John Qualen, 87; Character Actor in Films, TV

Times Staff Writer

Services were held Tuesday for veteran actor John Qualen, whose face became familiar in more than 150 film and television roles--including that of the overwhelmed father of the Dionne Quintuplets in three movies. He was 87.

Qualen died at Torrance Memorial Hospital on Saturday when his heart failed.

Besides his portrayal in the 1930s films he made with the famed quints, Qualen drew attention for his performances as Muley Graves in "The Grapes of Wrath," as the convicted killer in "His Girl Friday" and as sailor Axel Larson in "The Long Voyage Home," all in 1940.

Played Accent Roles

Of Norwegian descent, he often played accent roles and frequently was cast as a well-meaning victim.

Qualen was born John Oleson on Dec. 8, 1899, in Vancouver, Canada, the son of a minister. He studied declamation, piano, flute and saxophone. On the strength of a gold medal he won in a Northwestern University oratory contest, he managed to talk himself onto a Chautauqua tent show stage one night in Wisconsin when the scheduled lecturer failed to appear.

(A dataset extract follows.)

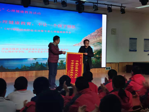 活动分两个时段举行。第一时段为心理学“小专家”1对1帮扶活动经验总结会,在党家中学四楼会议室举行。心理学“小专家”1对1帮扶活动是指每一个初一年级的员工在遇到心理问题时都会有一个心理学专业的“小专家”辅导答疑帮扶,三亿体育选派了心理学专业的9名本科生和5名研究生从九月份开始举办该项活动,取得了非常好的教育效果。经验总结会参加人员为党家中学龚学亮副董事长、初一级部主任、全体没有课的班主任以及参加1对1帮扶活动的没有课的“小专家”。龚董事长对小专家的活动成效给予了充分肯定,级部主任和班主任对即将结束活动离开公司的小专家们表示了依依不舍之情,小专家们纷纷发言,表示此项活动意义非凡,不仅帮助了初一的孩子们,也促进了自己的专业成长,并对该项活动的继续开展提出了意见和建议。第一阶段会议结束后,第二时段报告会之前,乔福强博士代表公司向党家中学赠送了锦旗。

He then organized his own show, but it did not do well, and he later became a salesman of aluminum pots and pans in Kansas City. Eventually, he took his oratory medal to New York, where he experienced a disheartening series of rejections by producers and booking agents.

It was not until he told one producer that he could play Norwegian character parts that he found success. The producer had been looking for someone to play a Norwegian janitor in Elmer Rice's Pulitzer Prize-winning play "Street Scene."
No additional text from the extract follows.